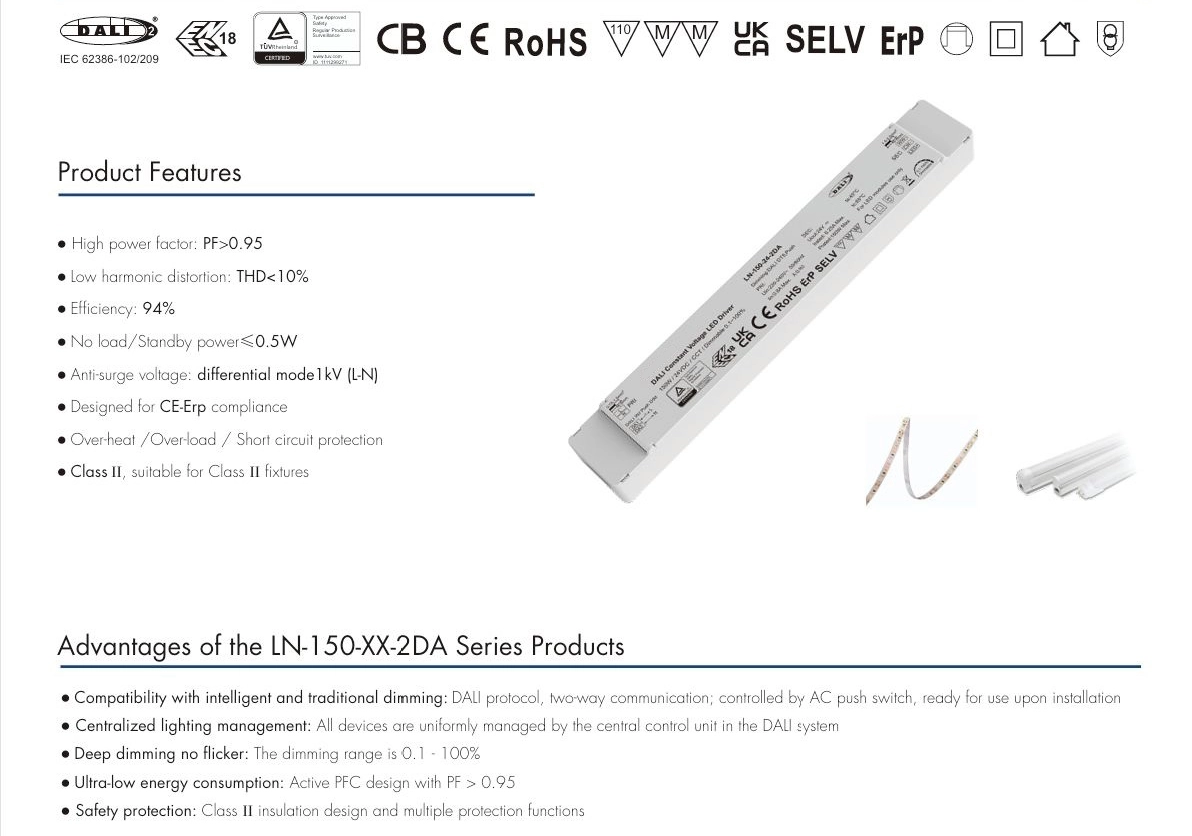 150W 24V DALI CCT நிலையான மின்னழுத்த LED இயக்கி |
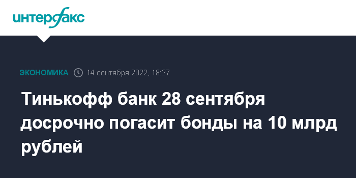 Тинькофф банк 28 сентября досрочно погасит бонды на 10 млрд рублей
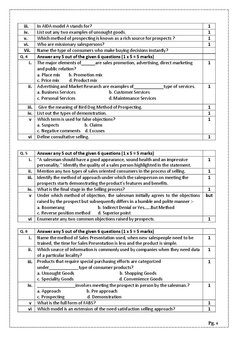 - It is also known as the CBSE sample paper Salesmanship class 11 marking scheme as it also conveys how many marks you will get for steps or keywords in the answer.
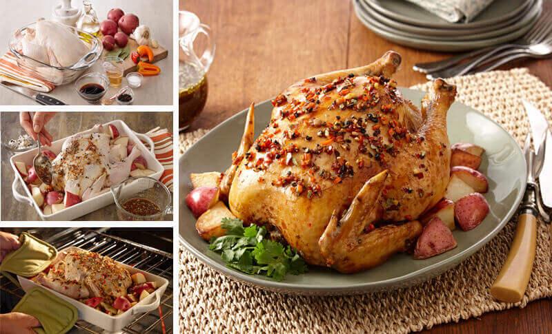 Cover chicken with with foil, and cook for 30 minutes, basting with the soy sauce mixture and pan juices every 10 minutes.
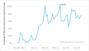 - Consumer engagement with reviews up 105% between February 2020 and April 2020

--------------------------------------------------

Task requirements — Your output should be the lines from the one with "- It is also" through the end of the listing, copied exactly and with the pictures left out.

Written response —
 - It is also known as the CBSE sample paper Salesmanship class 11 marking scheme as it also conveys how many marks you will get for steps or keywords in the answer.
 Cover chicken with with foil, and cook for 30 minutes, basting with the soy sauce mixture and pan juices every 10 minutes.
 - Consumer engagement with reviews up 105% between February 2020 and April 2020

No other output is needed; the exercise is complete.